Why are you using jQuery to try and accomplish that? Just use CSS.
Or, at the very least, use jQuery's "live" to address the HIDE/SHOW of the DIV. The execution order matters, and I don't think the PHP generated script will actually affect the dive you're building and showing after the PHP conditional.
您的 jQuery 调用是在将接收单击函数的元素打印在页面上之前完成的。
您可以使用自己的注释行而不是直接调用。
如果您想使用未注释的调用,则需要在 div 标记之后打印它。
Your jQuery call is beign done before the element that will receive the click function is printed on the page.
You can use your own commented line instead the straight call.
If you want to use your uncommented call, you need to print it after your div tag.
对于初学者来说,您实际上并没有使用 jQuery 来更改 PHP。 jQuery 是客户端,PHP 是服务器端,两者永远不会相遇。实际发生的情况是,您使用 PHP 创建 HTML 文档,浏览器将创建 jQuery 操作的 DOM。
至于您的脚本有什么问题,您的代码不起作用的原因是因为语句按顺序回显。
以下内容不起作用:
以下内容起作用:
除了这个问题之外,还有一些“代码味道”会让我担心您的代码。请注意,这些在技术上都不是错误的,但它们往往表明其他问题。:
不要更改 CSS,而是使用 jQuery 的
.hide()调用。
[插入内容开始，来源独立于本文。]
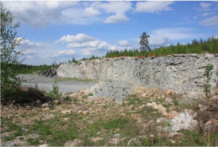
AKDG3618:1. Lemminkäinen Infra Oy:n Pirunkynnen louhosalue kuvattuna lounaasta. Kaivauskohde sijaitsee kallioalueen pohjoisosassa.
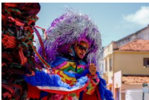
Coletiva Carnaval de Olinda 2020
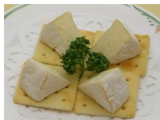
カマンベールチーズ 1,100
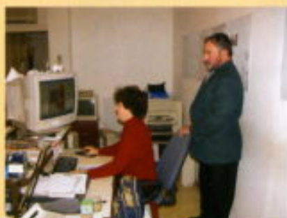
El Director de Zsaru controlando la edición.
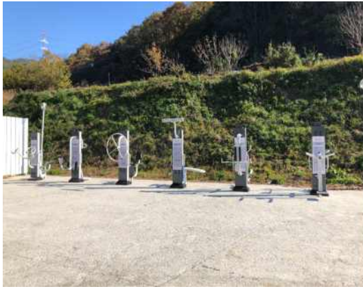
마을회관 앞 운동시설
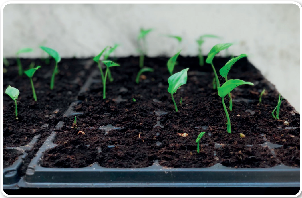
ภาพที่ 6 การขยายพันธุ์เพาะในถาดหลุมด้วยเมล็ด

การปลูกต้นมอนสเตอร์่า ถือได้ว่าต้องใช้ระยะเวลาานพอสมควรในการเพาะปลูกใครที่รักต้นไม้หรือกำลังมองหารายได้เสริม ขอแนะนำสำหรับคนที่มีความรู้และมีเวลาให้กับต้นไม้ เพราะจะต้องใส่ใจดูแลทุกขั้นตอน ตั้งแต่การอนุบาลต้นกล้าจนถึงตอนโต ถือได้ว่าเป็นต้นไม้ที่ต้องใส่ใจทุกรายละเอียด ตั้งแต่การเลือกต้นพันธุ์หรือเมล็ดที่มีคุณภาพ การใส่ปุ๋ยเพิ่มแร่ธาตุ และการควบคุมแสงให้เหมาะสม จึงจะได้ต้นมอนสเตอร์่าที่แข็งแรง ใบฉูด มีแฉก สีเขียวเข้มสวยงาม และถือได้ว่าเป็นต้นไม้ที่สามารถขายได้ทั้งต้นและใบตลอดทั้งปี
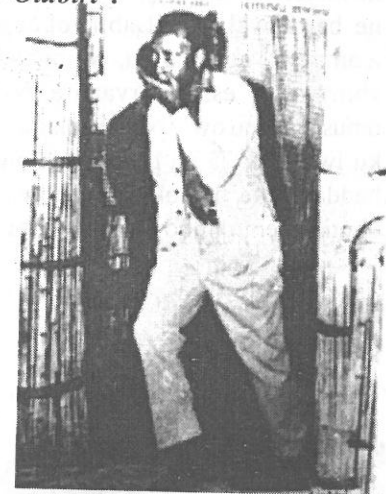
KABAKA AFULUMA OLUBIRI

"Kabaka Muteesa II bamusse n'abasirikale be bonna tekuwonye n'omu awamu ne Bakaawonawo ba Ssematalo ow'okubiri (1939 - 1945) abaali ebweru w'Olubiri".

您使用
$( '.delete' ).css( "display", "none");...为什么?诚然,JavaScript 是最常见的 - 但最好还是明确指定脚本语言。
在某些情况下,这可能会导致意外行为,应该避免。
For starters, you don't actually use jQuery to change PHP. jQuery is client-side, PHP is server-side, and never the twain shall meet. What actually happens is that you use PHP to create your HTML document, and the browser will create a DOM that jQuery will manipulate.
As for what's wrong with your script, the reason your code does not work is because the statements are echoed in order.
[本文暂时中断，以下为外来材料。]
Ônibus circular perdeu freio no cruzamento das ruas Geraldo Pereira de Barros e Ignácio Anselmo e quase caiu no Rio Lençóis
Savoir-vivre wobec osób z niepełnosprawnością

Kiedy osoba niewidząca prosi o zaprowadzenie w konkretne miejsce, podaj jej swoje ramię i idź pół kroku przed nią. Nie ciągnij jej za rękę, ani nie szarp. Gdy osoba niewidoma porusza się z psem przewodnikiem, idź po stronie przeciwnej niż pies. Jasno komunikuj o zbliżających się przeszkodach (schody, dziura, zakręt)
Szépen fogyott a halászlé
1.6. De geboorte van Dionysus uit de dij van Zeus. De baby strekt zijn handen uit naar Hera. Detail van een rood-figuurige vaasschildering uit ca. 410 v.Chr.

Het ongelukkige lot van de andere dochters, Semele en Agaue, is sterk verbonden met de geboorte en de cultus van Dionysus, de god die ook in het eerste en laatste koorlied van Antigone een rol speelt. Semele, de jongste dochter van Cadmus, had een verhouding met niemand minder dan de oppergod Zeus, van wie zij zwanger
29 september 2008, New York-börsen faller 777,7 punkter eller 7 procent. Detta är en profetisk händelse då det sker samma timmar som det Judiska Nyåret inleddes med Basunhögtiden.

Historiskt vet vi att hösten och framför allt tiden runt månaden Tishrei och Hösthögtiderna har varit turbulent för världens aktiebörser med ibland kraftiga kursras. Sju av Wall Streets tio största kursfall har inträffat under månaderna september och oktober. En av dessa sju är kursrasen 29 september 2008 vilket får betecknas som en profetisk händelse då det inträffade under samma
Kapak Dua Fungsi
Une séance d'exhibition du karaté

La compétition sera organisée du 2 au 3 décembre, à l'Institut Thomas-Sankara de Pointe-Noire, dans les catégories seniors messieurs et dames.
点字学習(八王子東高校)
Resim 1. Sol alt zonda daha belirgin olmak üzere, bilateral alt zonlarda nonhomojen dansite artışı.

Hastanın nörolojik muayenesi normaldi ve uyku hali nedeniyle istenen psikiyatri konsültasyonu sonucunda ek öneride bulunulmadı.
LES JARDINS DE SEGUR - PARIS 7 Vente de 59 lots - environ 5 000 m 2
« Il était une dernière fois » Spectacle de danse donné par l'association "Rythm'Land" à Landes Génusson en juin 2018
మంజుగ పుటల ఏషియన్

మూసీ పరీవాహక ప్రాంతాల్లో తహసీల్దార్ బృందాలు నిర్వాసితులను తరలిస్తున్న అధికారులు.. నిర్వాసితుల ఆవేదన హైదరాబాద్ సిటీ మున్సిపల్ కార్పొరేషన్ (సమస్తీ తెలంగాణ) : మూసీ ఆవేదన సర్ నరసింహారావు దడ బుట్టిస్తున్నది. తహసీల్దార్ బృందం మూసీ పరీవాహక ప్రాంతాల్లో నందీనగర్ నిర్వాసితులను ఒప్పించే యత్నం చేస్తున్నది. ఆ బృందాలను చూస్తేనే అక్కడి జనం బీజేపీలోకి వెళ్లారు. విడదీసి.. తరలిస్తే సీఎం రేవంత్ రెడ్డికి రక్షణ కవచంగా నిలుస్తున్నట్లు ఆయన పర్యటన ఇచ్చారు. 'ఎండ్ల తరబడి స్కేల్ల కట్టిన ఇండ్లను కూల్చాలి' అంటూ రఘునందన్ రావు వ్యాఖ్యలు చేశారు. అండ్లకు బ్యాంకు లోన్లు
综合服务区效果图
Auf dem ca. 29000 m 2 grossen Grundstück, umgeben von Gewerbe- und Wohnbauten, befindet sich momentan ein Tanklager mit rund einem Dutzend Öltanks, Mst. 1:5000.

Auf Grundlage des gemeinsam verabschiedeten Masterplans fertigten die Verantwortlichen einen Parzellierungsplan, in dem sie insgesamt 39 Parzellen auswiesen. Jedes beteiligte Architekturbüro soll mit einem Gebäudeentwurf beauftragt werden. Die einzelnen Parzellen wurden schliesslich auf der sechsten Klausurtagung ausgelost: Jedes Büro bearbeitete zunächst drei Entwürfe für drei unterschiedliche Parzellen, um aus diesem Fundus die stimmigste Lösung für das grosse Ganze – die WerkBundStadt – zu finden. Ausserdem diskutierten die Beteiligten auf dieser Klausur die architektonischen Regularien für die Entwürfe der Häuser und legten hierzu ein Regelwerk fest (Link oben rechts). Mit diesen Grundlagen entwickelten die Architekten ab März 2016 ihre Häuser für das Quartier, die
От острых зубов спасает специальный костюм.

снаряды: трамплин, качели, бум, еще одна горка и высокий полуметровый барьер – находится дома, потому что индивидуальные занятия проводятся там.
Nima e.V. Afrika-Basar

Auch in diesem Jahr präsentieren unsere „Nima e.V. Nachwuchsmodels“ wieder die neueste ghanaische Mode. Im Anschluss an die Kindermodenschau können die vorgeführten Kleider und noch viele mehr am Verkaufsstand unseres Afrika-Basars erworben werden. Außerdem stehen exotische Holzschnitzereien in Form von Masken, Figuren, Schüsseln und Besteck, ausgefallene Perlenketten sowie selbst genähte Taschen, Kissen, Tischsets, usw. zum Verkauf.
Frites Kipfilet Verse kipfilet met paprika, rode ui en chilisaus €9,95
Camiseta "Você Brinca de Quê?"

The following does not work:
The following does work:
In addition to this problem, there are several "code smells" that would concern me about your code. Note that none of these are technically wrong, but they tend to indicate other issues.:
Instead of changing CSS, use jQuery's
.hide()call.You use
$( '.delete' ).css( "display", "none");... why?Granted, JavaScript is the most common - but it's still better to explicitly specify the script language.
This can cause unexpected behavior in certain situations and should be avoided.